Update Nov 7 2024: this bug bounty program is now superseded by general Proton bug bounty program

---

SimpleLogin makes it easy for you to generate an anonymous email alias anytime you don’t want to share your real email address. As a service to protect your email address, we focused a great deal on security and privacy when we built SimpleLogin. Recently, we asked Securitum, a leading European cybersecurity firm, to run a security audit on SimpleLogin apps and the result was positive overall. Today, we’re taking the step in improving our security and launching a bug bounty program.

SimpleLogin has been open source since we began, and we’ve received multiple contributions from our community that have strengthened all aspects of our service. This bug bounty program provides our community another way to participate in our development, and extends the work that we already do on a daily basis to keep our service safe. With SimpleLogin joining Proton, the Swiss company best known for Proton Mail and Proton VPN, we decided to use the same bug bounty model it has successfully run since 2015.

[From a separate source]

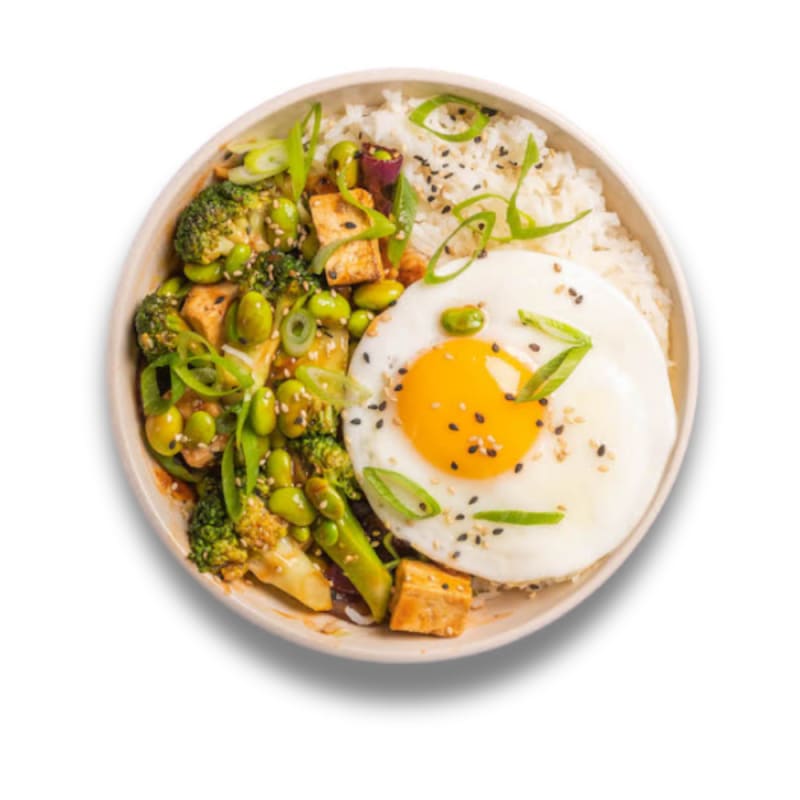 Arroz al vapor, tofu, brócoli, edamame, huevo, cebolla roja, cebolleta, sésamo mix y salsa a elegir.

We invite all security experts worldwide to participate in our bug bounty program and try to find weaknesses within SimpleLogin. We will pay rewards (bounties) for security issues that are reported to us through this program and that we judge to be worthy. If you are a security researcher, you can also participate in the Proton bug bounty program.

Rules

Scope: The program is limited to the web application, web extension, and mobile applications run by SimpleLogin. Our profiles on Reddit, Twitter, Linkedin, Facebook, etc., do not qualify. Qualifying sites include:

• SimpleLogin.io
• app.SimpleLogin.io
• api.SimpleLogin.io

Judging: The judging panel to determine awards consists of SimpleLogin and Proton developers assisted by one or more outside experts who are part of our security group. Program participants agree to respect the final decision made by the judges.

Responsible disclosure: We request that all vulnerabilities be reported to us at security@proton.me. We believe it is against the spirit of this program to disclose any flaw to third parties for purposes other than actually fixing the bug. Participants agree not to disclose bugs found until they have been fixed and to coordinate disclosure with our team through our release notes to avoid confusion.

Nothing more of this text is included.